Armed with these victories, we went to the Democratic National Convention seeking to amend the Party's platform to include recognition of Palestinian rights. The language we sought to insert called for "mutual recognition, territorial compromise and self-determination for both Israelis and Palestinians." The Dukakis Campaign vigorously opposed our efforts, but with Jackson's support, we persisted in having our language debated-the first time (and, I might add, the last time) the issue of Palestinian rights was debated from the podium at a political party's convention.

The 1990's witnessed the Madrid Peace Conference and the Oslo Accords, but still no formal recognition of a Palestinian State. The best George H.W. Bush could do was to slightly upgrade the language of Camp David calling for "legitimate Palestinian political rights." Clinton moved the language further, supporting the Palestinians' "right to live as a free people, determining their fate on their own land." It was left to then First Lady Hillary Clinton to be the first to actually speak of a Palestinian State-as she did in 1998. Her husband's Administration quickly made it clear that her remarks were not policy. When, toward the end of the Clinton Administration, Yasser Arafat, becoming frustrated with Peace Process' lack of progress, threatened to unilaterally declare a state, the reaction from Washington was firm and threatening.

It was not until January, 7th 2001, in the closing days of his term, that Bill Clinton spoke of a Palestinian State, making him the first US President to do so.

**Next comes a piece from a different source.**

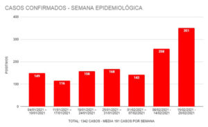 Janeiro 2021- Dia 01, 10 casos. Dia 02, 09 casos. Dia 03, 31 casos. Dia 04 e 5, 49 casos. Dia 06, 32 casos. Dia 07, 22 casos. Dia 08, 23 casos. Dia 09, 04 casos. Dia 10, 19 casos. Dia 11, 11 casos. Dia 12, 21 casos. Dia 13, 25 casos. Dia 14, 13 casos. Dia 15, 18 casos. Dia 16, 13 casos. Dia 17, 15 casos. Dia 18, 14 casos. Dia 19, 29 casos. Dia 20, 8 casos. Dia 21, 34 casos. Dia 22, 26 casos. Dia 23, 24 casos. Dia 24, 13 casos. Dia 25, 19 casos. Dia 26, 14 casos. Dia 27, 15 casos. Dia 28, 62 casos. Dia 29, 12 casos. Dia 30, 23 casos. Dia 31, 22 casos. Total: 649 casos.
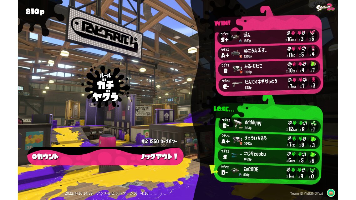 | Name | Weapon | Level | Rank | Inked | k+a/sp | k/d |

In 2002, following Israel's reoccupation of the West Bank and its near total destruction of the infrastructure of the Palestinian Authority, President Bush committed his Administration to a two-state solution. But he did so in, what I called at the time, "a perfectly bizarre speech," calling on the Palestinians to first establish a working democracy before they could have their state! During the next six years, US policy discussion changed with official acceptance of a two-state solution becoming widespread. Sadly, however, all this time that the concept was gaining acceptance, the reality in the West Bank and Gaza was deteriorating making the realization of that now accepted goal more difficult to achieve.

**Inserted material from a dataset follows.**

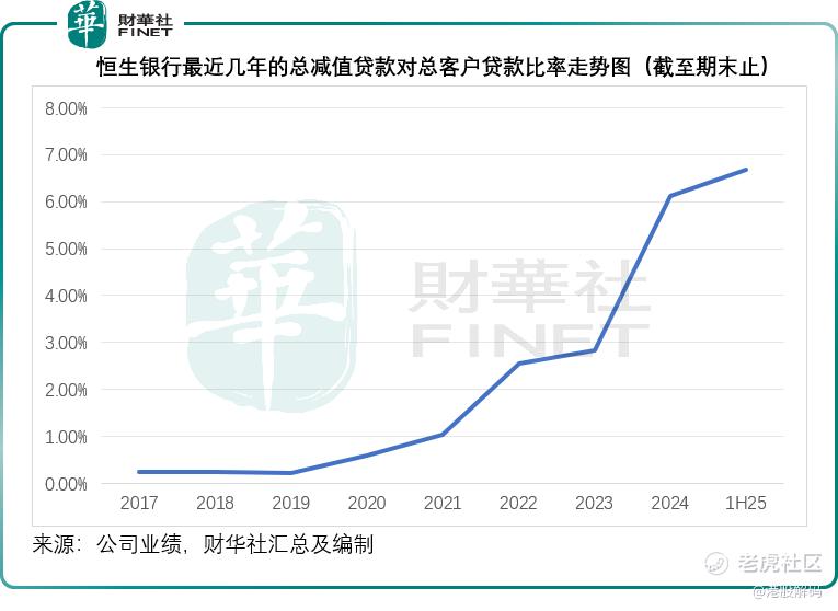 2025年上半年,恒生银行的预期信贷损失变动及其他信贷减值拨备增加33.61亿港元,达到48.61亿港元,其中25.40亿港元来自香港商业房地产。由于房地产行业持续面临信贷压力,其不良贷款比率持续攀升,于2025年6月末已达到6.69%的水平,见下图,恒生银行的总贷款减值准备从2021年起大幅飙升,主要还是受香港商业地产下滑所影响。

We are now in the 43rd year of the occupation. The landscape of the occupied lands has been dramatically transformed: a half million settlers reside there; a network of settler only roads, coupled with an intrusive barrier wall, has cut the territory into cantons; Jerusalem is burgeoning with settler colonies and is cut off from the West Bank; and the long physical and now political separation of Gaza from the West Bank has made unity of Palestine's parts more difficult.

We are now in the Obama era. The President has committed his Administration to an outcome of two states which he says is in the national interests of the United States. Even in the early months of his term, he has demonstrated a commitment to balanced pressure and active engagement toward achieving the goal of two states.

The political battle for acceptance of a Palestinian State has been won. Supporters of two states must now assess the circumstances which define the current reality on the ground. The old battles are just that-old battles. There are now new challenges to face. What confronts us now is how, given where we are, we can realistically achieve the goal for which many have struggled for decades, and that is a secure, independent, contiguous and viable Palestinian State.